This patch adds IPPROTO_ICMP socket kind.  It makes it possible to send
ICMP_ECHO messages and receive the corresponding ICMP_ECHOREPLY messages
without any special privileges.  In other words, the patch makes it
possible to implement setuid-less and CAP_NET_RAW-less /bin/ping.  In
order not to increase the kernel's attack surface, the new functionality
is disabled by default, but is enabled at bootup by supporting Linux
distributions, optionally with restriction to a group or a group range
(see below).

Similar functionality is implemented in Mac OS X:
http://www.manpagez.com/man/4/icmp/

A new ping socket is created with

    socket(PF_INET, SOCK_DGRAM, PROT_ICMP)

Message identifiers (octets 4-5 of ICMP header) are interpreted as local
ports. Addresses are stored in struct sockaddr_in. No port numbers are
reserved for privileged processes, port 0 is reserved for API ("let the
kernel pick a free number"). There is no notion of remote ports, remote
port numbers provided by the user (e.g. in connect()) are ignored.

Data sent and received include ICMP headers. This is deliberate to:
1) Avoid the need to transport headers values like sequence numbers by
other means.
2) Make it easier to port existing programs using raw sockets.

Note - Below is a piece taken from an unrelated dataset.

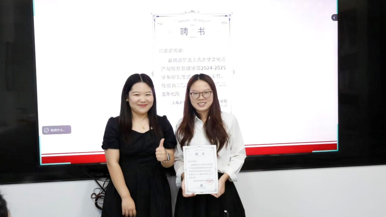 会议中,365英国上市网团委副书记、研究生辅导员杨倚天,研究生党总支书记、研究生辅导员张玉昭为第四届研究生团学委员中的学生骨干代表颁发聘书。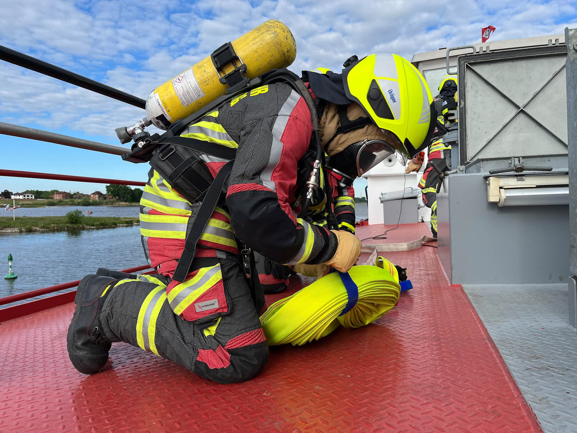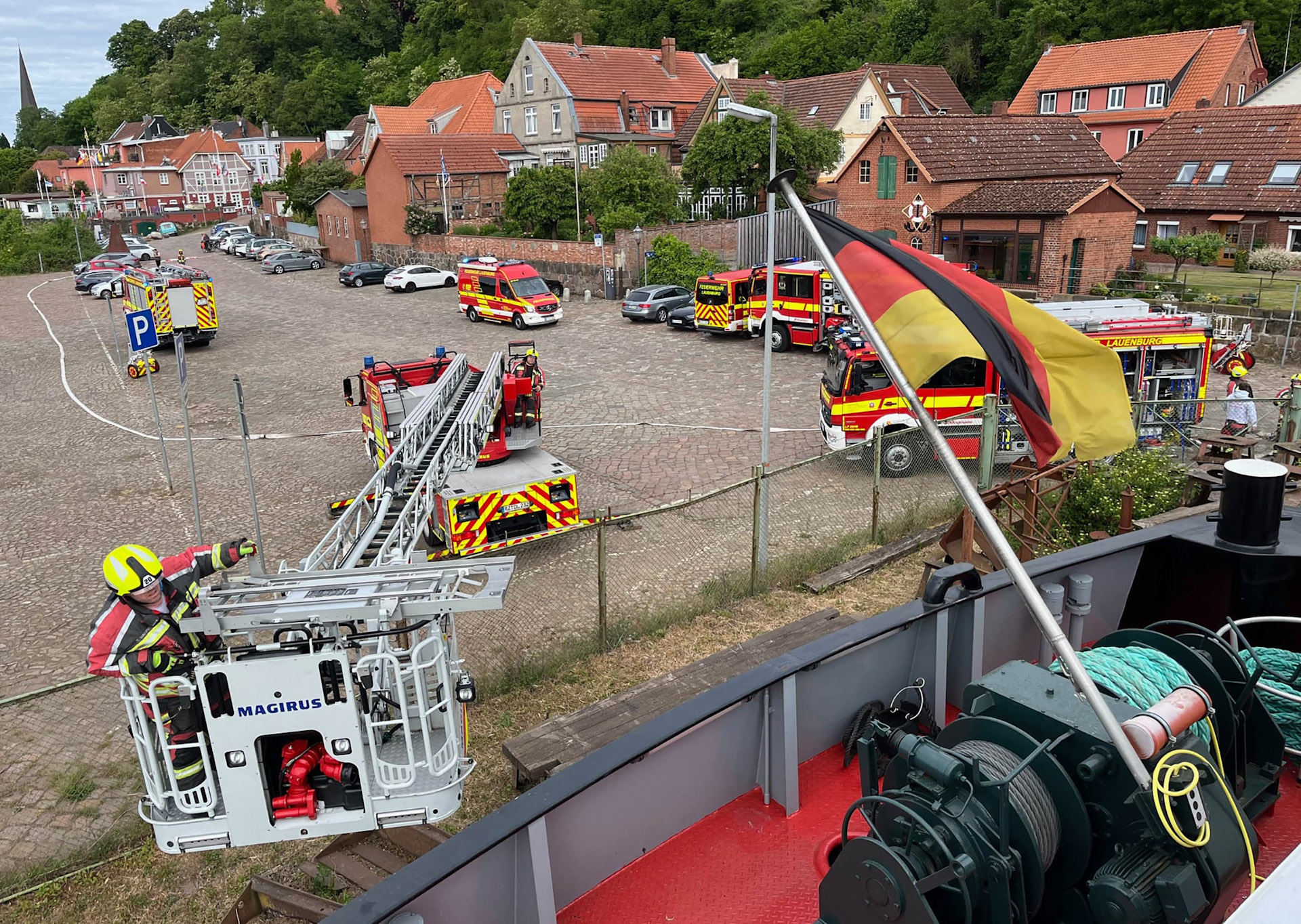 Mit dem Stichwort „Feuer Schiff“ wurde die Feuerwehr Lauenburg und Schnakenbek am Samstagmorgen in den Bereich der Hitzler Werft alarmiert. Auf einem Tankschiff kam es bei Schweißarbeiten zur Verpuffung. Noch während der Anfahrt informierte die Rettungsleitstelle die anrückenden Kräfte über zwei vermisste Personen und erhöhte so das Stichwort auf „Feuer Y – Menschenleben in Gefahr“. Da der Einsatz gerade auf Tankschiffen immer etwas besonderes ist, gerade auch durch die engen Luken, ging der erste Angriffstrupp vom LF20 zu dritt in das innere des Schiffes vor. Es folgten im Laufe des Einsatzes weitere Atemschutzträger, zusätzlich auch durch die Feuerwehr Hohnstorf, die zusätzlich nachalarmiert wurde. Während einige die Brandbekämpfung übernahmen, kümmerten sich andere um die Menschenrettung aus dem engen Schiffstank. Hierfür wurden Schleifkorbtragen und Leiterböcke verwendet. Nach ca. einer Stunde konnte „Feuer aus“ gegeben werden, so wie, dass alle Personen erfolgreich gerettet wurden. Im Anschluss wurde eine Nachbesprechung durchgeführt. Alle waren sich einig, dass es eine gelungene unangekündigte Alarmübung war. An dieser Stelle auch nochmal ein Dank an die Dettmer Reederei, die das Tankschiff als Übungsobjekt zur Verfügung stellte.

ICMP headers given to send() are checked and sanitized. The type must be
ICMP_ECHO and the code must be zero (future extensions might relax this,
see below). The id is set to the number (local port) of the socket, the
checksum is always recomputed.

ICMP reply packets received from the network are demultiplexed according
to their id's, and are returned by recv() without any modifications.
IP header information and ICMP errors of those packets may be obtained
via ancillary data (IP_RECVTTL, IP_RETOPTS, and IP_RECVERR). ICMP source
quenches and redirects are reported as fake errors via the error queue
(IP_RECVERR); the next hop address for redirects is saved to ee_info (in
network order).

socket(2) is restricted to the group range specified in
"/proc/sys/net/ipv4/ping_group_range".  It is "1 0" by default, meaning
that nobody (not even root) may create ping sockets.  Setting it to "100
100" would grant permissions to the single group (to either make
/sbin/ping g+s and owned by this group or to grant permissions to the
"netadmins" group), "0 4294967295" would enable it for the world, "100
4294967295" would enable it for the users, but not daemons.

The existing code might be (in the unlikely case anyone needs it)
extended rather easily to handle other similar pairs of ICMP messages
(Timestamp/Reply, Information Request/Reply, Address Mask Request/Reply
etc.).

Userspace ping util & patch for it:
http://openwall.info/wiki/people/segoon/ping

For Openwall GNU/*/Linux it was the last step on the road to the
setuid-less distro.  A revision of this patch (for RHEL5/OpenVZ kernels)
is in use in Owl-current, such as in the 2011/03/12 LiveCD ISOs:
http://mirrors.kernel.org/openwall/Owl/current/iso/

Initially this functionality was written by Pavel Kankovsky for
Linux 2.4.32, but unfortunately it was never made public.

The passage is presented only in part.